A Report on Non-Ionizing Radiation

The ELF EMF Disconnect

Schüz Defends ICNIRP’s 1,000 mG Limit

May 21, 2007

It's the murky disconnect that undermines public confidence in EMF exposure standards: While epidemiological studies point to an increased risk of childhood leukemia at exposures as low as 3-4 mG, the ICNIRP exposure standard is over 200 times higher. That is, ICNIRP sees nothing wrong with exposing kids to 999 mG, 24/7. One reason this disparity is baffling is that Anders Ahlbom of Sweden's Karolinska Institute is both the chair of ICNIRP's committee on epidemiology and the person whose work —more than anyone else's other than Nancy Wertheimer's— has established the plausibility of the 3-4 mG threshold.
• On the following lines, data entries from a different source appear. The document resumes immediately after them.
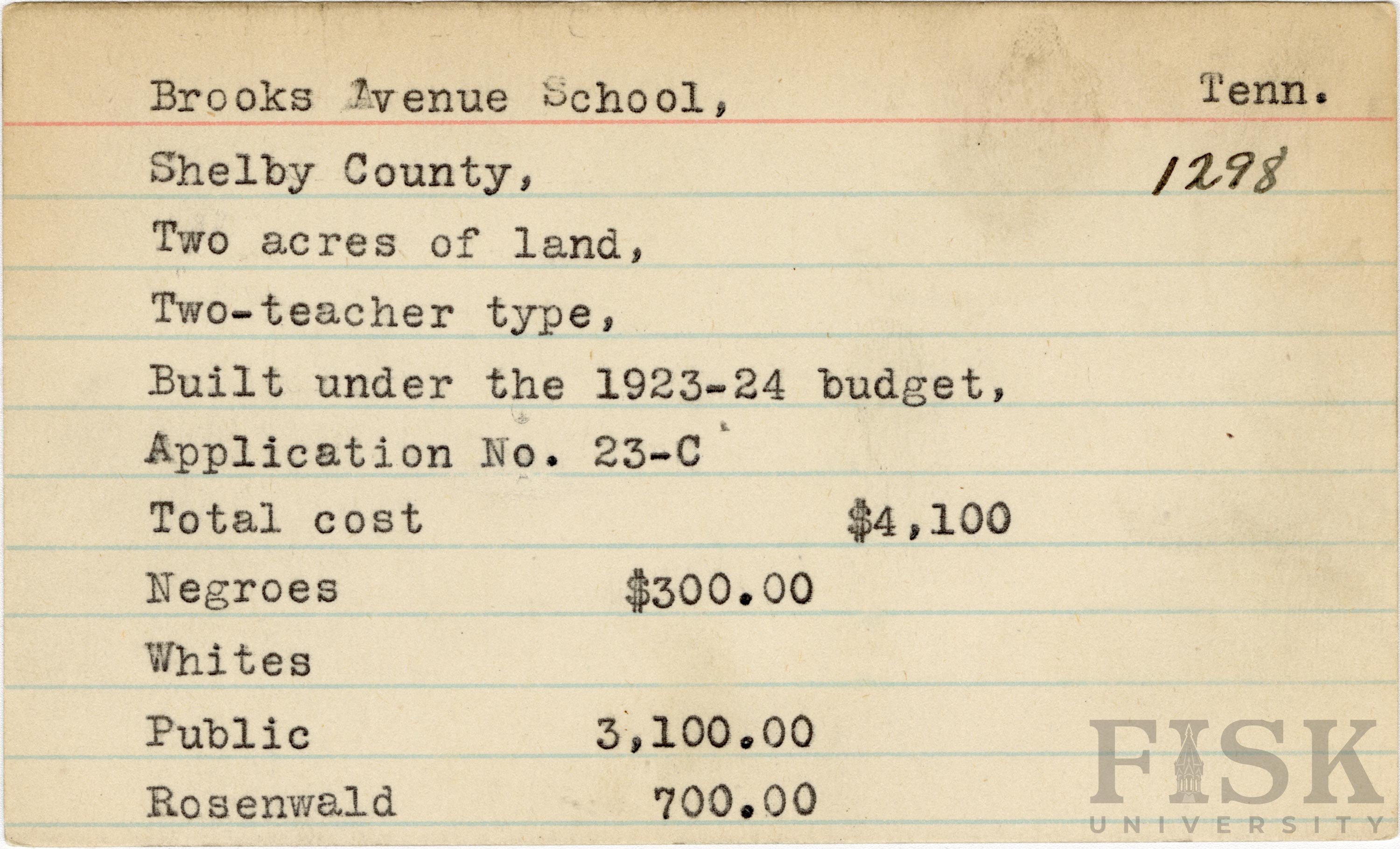 - School card from Rosenwald Fund for Brooks Avenue School in Shelby County, Tennessee
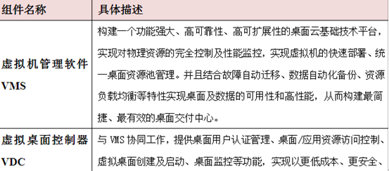 虛擬桌面控制器VDC:提供桌面用戶認證管理、桌面/應用資源訪問控制、虛擬桌面創 建及啟動、桌面監控等功能,實現以更低成本、更安全、更可靠地交付Windows桌面;需與VMS協同工作,并提供軟件和硬件兩種類型。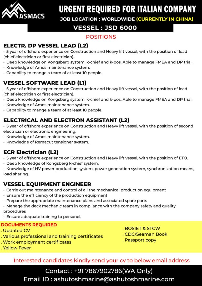 URGENT REQUIRED FOR ITALIAN COMPANYJOB LOCATION: WORLDWIDE (CURRENTLY IN CHINA) VESSEL: JSD 6000POSITIONSELECTR. DP VESSEL LEAD (L2)5 year of offshore …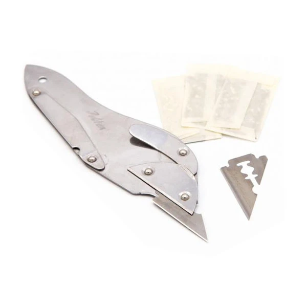 De Fly Scene Skin Knife is een handig mesje welke veelzijdig toegepast kan worden bij het binden van vliegen. Dit mesje heeft een metalen huis met verwisselbare scheermesjes, welke tevens meegeleverd worden. De Fly Scene Skin Knife kan ook gebruikt worden voor het snijden van diverse soorten huiden om bijvoorbeeld zelf zonkerstrips te maken.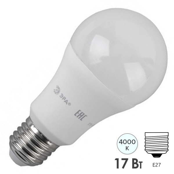 Лампа светодиодная A60-17W-840-E27 грушевидная 1360лм ЭРА Б0031700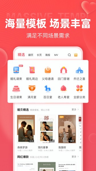 婚礼请柬,让邀请更有温度。婚礼电子请柬、婚礼请帖、结婚请柬、宝宝满月、电子邀请函、电子请帖、喜帖、同学聚会、生日贺卡、老人寿宴、乔迁、婚礼纪念等海量APP模板。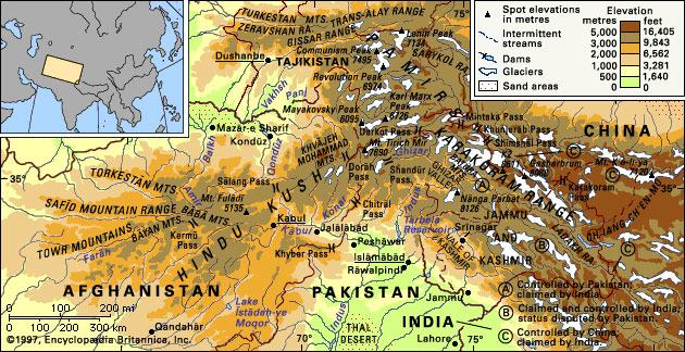 Kabul-Kandahar road several passes penetrate the mountainous belt of the Indian
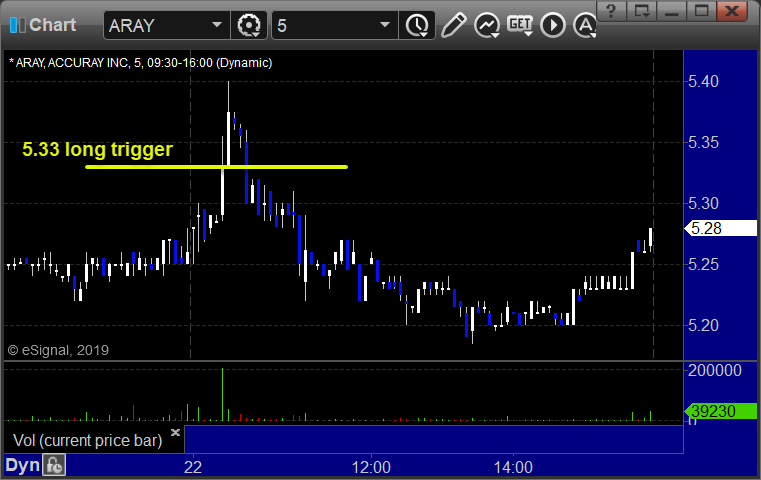 From the report, ARAY triggered long (with market support) and didn’t go enough in either direction to count: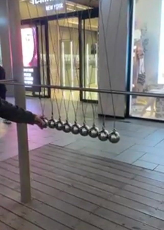The video depicts a Newton's cradle set in motion in an outdoor shopping area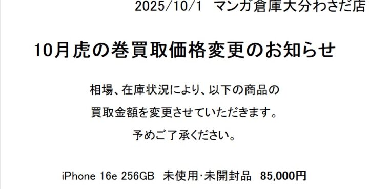 お宝買取虎の巻10月号ができました!°˖✧◝(⁰▿⁰)◜✧˖° WEBチラシにも一緒に掲載しておりますので、そちらもご覧ください! 2025年10月1日現在の価格なので、 最新の価格はWEBチラシバナーをタップしてご確認…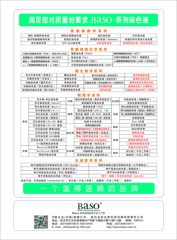 染色液-我選貝索-彩頁(yè)資料-貝索企業(yè):珠海貝索生物技術(shù)有限公司、武漢貝索醫(yī)療器械有限公司、武漢金宏生物科技發(fā)展有限責(zé)任公司、珠海貝索細(xì)胞科學(xué)技術(shù)有限公司、江蘇貝索生物工程有限公司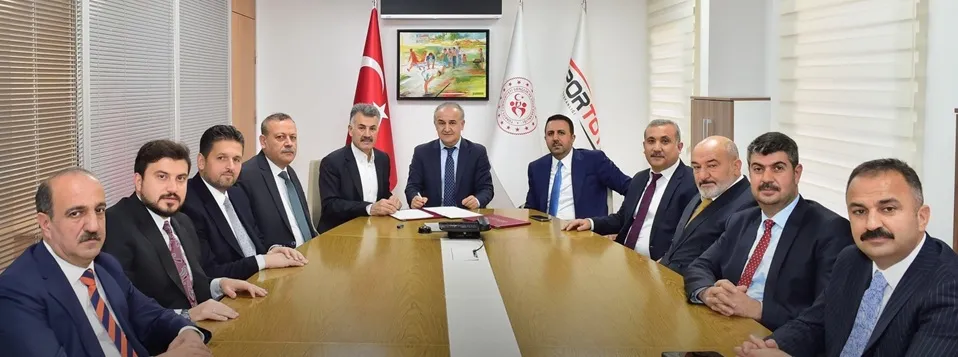 Güroymak Belediye Başkanı Eşref Mutlu, Spor Toto Teşkilat Başkanlığı’nda ilçeye kazandırılacak yarı olimpik yüzme havuzu ile 3 adet semt sahasının yapımı için protokol imzaladı.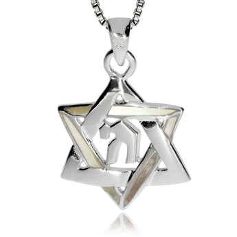 Stříbrný přívěsek ve tvaru Davidovy hvězdy se symbolem chai je vyložen bílou perletí. Výška přívěsku včetně jednoduchého očka dosahuje téměř 2,7 cm a očko je dostatečně velké i na silnější řetízek. Šperk je zajímavý propletením dvou trojúhelníků, které tvoří Davidovu hvězdu. Jeden z nich je z hladkého leštěného stříbra, zatímco ramena druhého jsou vyložena bílou perletí.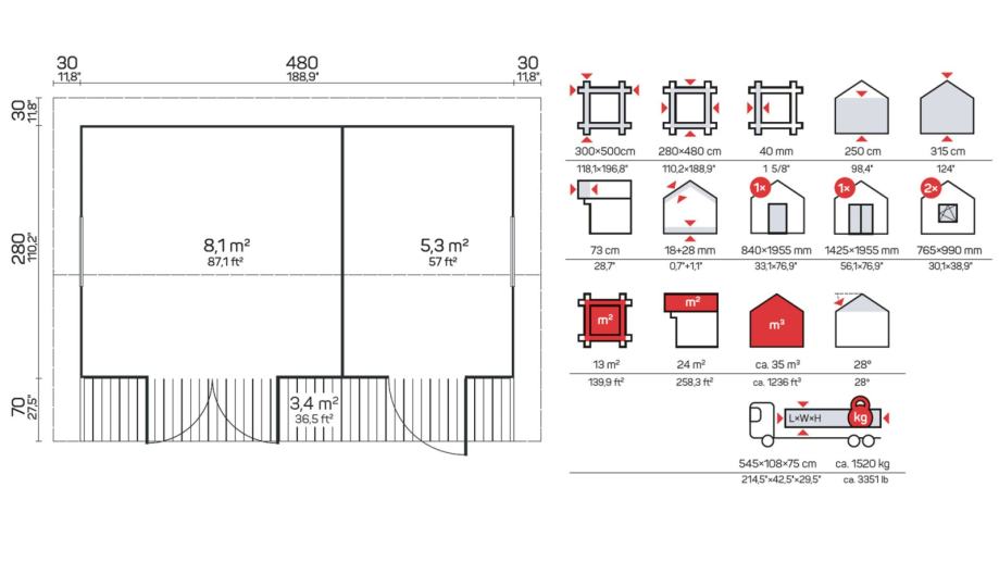 Dimenzije zidova (širina x dužina): 280 x 480 cm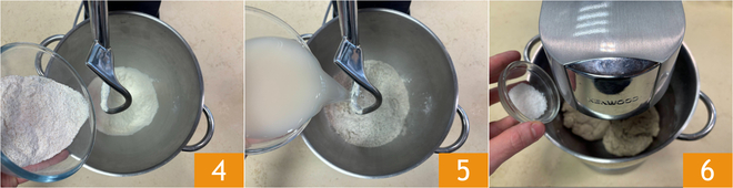 Doe in een keukenmachine met deeghaak (of in een andere kom) alle meelsoorten 4 en het water met de gist 5, en kneed tot je een homogeen deeg hebt. Voeg het zout toe 6.

The IEEE standard is even more out of sync: At over 9,000 mG: it's more than nine times higher than the ICNIRP limit.

Joachim Schüz, a prolific epidemiologist at the Danish Cancer Society in Copenhagen, and an up-and-coming member of the EMF establishment, offered a justification for the 1,000 mG limit at an ICNIRP workshop held in March 2006 in Berlin. The childhood leukemia-EMF association "is neither supported by experimental evidence nor by a plausible [mechanism]... It cannot be ruled out with reasonable confidence that the observed association is entirely due to chance, bias, and confounding." Schüz calls for "a careful evaluation of a possible benefit" before adopting precautionary measures, and favors "proper risk communication" over "[precipitous] actions to calm emotions." Schüz's views are in line with those of Paolo Vecchia and Mike Repacholi, the current and a former chair, respectively, of ICNIRP.

Are precautionary policies for power-frequency EMFs called for? Repacholi thought so a few years back before he flip-flopped (see MWN, M/J03, p.1). (Some say he reversed himself under pressure from the electric utility industry.) Should others follow the lead of Italy and Switzerland, which have recognized and accepted the epidemiological findings and adopted tougher limits? Are Repacholi, Schüz and Vecchia's current views sustainable? All these questions will no doubt be raised at a workshop being organized by the WHO EMF Project. Developing and Implementing Protective Measures for ELF EMF will be held in Geneva, June 20-21.

Schüz's paper and the 18 others presented at ICNIRP's 2006 International Workshop on EMF Dosimetry and Biophysical Aspects Relevant to Setting Exposure Guidelines appear in the June issue of Health Physics.